To grasp AI capabilities across these cognitive abilities, we propose a three-stage evaluation protocol that benchmarks system performance in relation to human capabilities:
- Evaluate AI systems across a broad suite of cognitive tasks covering each ability, using held-out test sets to stop data contamination
- Collect human baselines for a similar tasks from a demographically representative sample of adults
- Map each AI system’s performance relative to the distribution of human performance in each ability
Going from theory to practice
Defining these cognitive abilities is a vital first step, but we want greater than a framework to measure progress.
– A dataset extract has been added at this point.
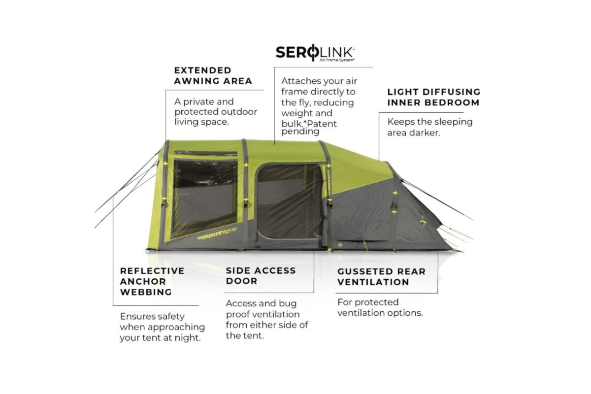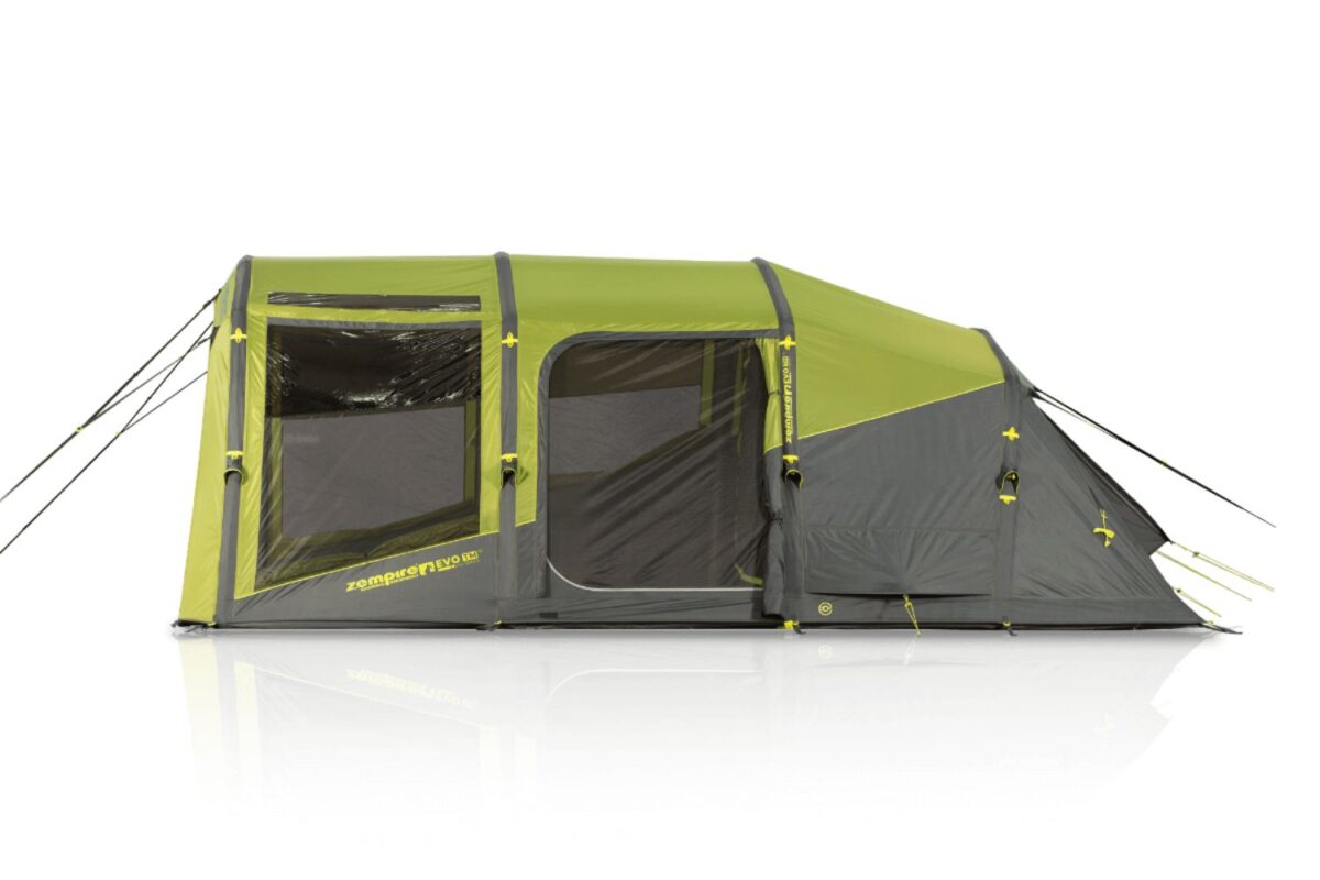 The large front awning area, PVC skylights and excellent ventilation add up to make the Evo TM V2 Zempir’s latest and greatest mid-range tents for couples or small families. A light-diffusing bedroom fabric ensures uninterrupted sleep on lazy mornings and the angled-beam construction offers improved wind stability and headspace throughout the tent.
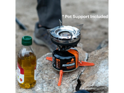 Built with backpackers in mind, the MiniMo cooking system combines Jetboil's tried-and-true efficiency and versatility with a convenient form factor. Powered by FluxRing technology, the MiniMo reaches a rolling boil in just over two minutes with half the fuel consumption of traditional systems. Jetboil's proprietary regulator technology offers incremental heat adjustments from light simmer to full boil, perfect for sautéing greens, simmering sauces, and more. Metal handles and a FluxRing cooking cup—optimized for a low spoon angle—make the MiniMo the perfect vessel for personal cooking and eating. Start heating instantly with the convenient, reliable push-button igniter; save pack space with the clever sideways burner storage design. Includes fuel canister stabilizer and pot support; easy to pack and carry at only 14.6 ounces.

To place this theory into practice, we’re launching a brand new Kaggle hackathon — “Measuring progress toward AGI: Cognitive abilities”. The hackathon encourages the community to design evaluations for five cognitive abilities where the evaluation gap is the most important: learning, metacognition, attention, executive functions and social cognition.
Participants can use Kaggle’s newly launched Community Benchmarks platform to construct and test their evaluations against a lineup of frontier models.
We’re offering a complete prize pool of $200,000: $10,000 awards for the highest two submissions in each of the five tracks, and $25,000 grand prizes for the 4 very best overall submissions. Submissions are open March 17 through April 16, and we’ll announce the outcomes June 1. Head over to the Kaggle website to begin constructing.